A lot more than coffee would be spilled in the days ahead.
“Here’s where we are,” Max said. “Dix and Luke are trying to crack Logan’s computer, but I doubt they’ll have much if any luck. White and his NSA goon squad took the old one, when they raided Logan’s prior apartment, and they still haven’t cracked the codes.”
“You know that for sure?” Alec asked.
She nodded. “Comes straight from Otto Gottlieb.”
Gottlieb, White’s former partner in the NSA, had seen the light and helped the transgenics capture Kelpy and bring White down at the NSA. Max wondered if Gottlieb could be of any help on this outing.
But Gottlieb had been rewarded by the NSA with a raise and promotion, for his whistle-blowing on White, and Max was afraid his loyalties these days might be too strongly NSA for her to risk trusting his involvement.
Alec said, “Why don’t I talk to Matt Sung — he might be able to help.”
Matt Sung, an Asian-American detective for the Seattle P.D., had helped Eyes Only on numerous occasions.
“Good call,” Max said. “Logan trusts Matt completely.” Then, turning to Mole, she added, “Can you track down Bling?”
Mole’s cigar bobbed as he nodded. “Count on it.”
Bling — Logan’s African-American physical therapist and occasional driver/bodyguard — knew more about Eyes Only operations than anybody this side of Logan himself.
With Logan wearing the exoskeleton more and more, Bling found himself with free time, now that Logan was doing less rehab and getting himself around.

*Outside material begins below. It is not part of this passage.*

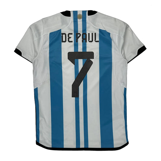 Argentina National Team Adidas 2022-23 De Paul Home Football Shirt - Medium Blue Polyester

They hadn’t seen Bling for several months, but she knew Logan talked to him regularly and was sure he was still in the city somewhere.
“How can Joshua help?” Joshua asked.
Max couldn’t exactly send a six-foot-four-inch Dog Boy out to do anything inconspicuous; when it came time to kick ass and take names, Joshua would be the point man. But she couldn’t bench him now — it would hurt Joshua, whose fondness for Logan she found touching.
She said, “Go over to Father’s house and look around. Logan laid low there for a while — maybe he left something behind that’ll lead us to the boy.”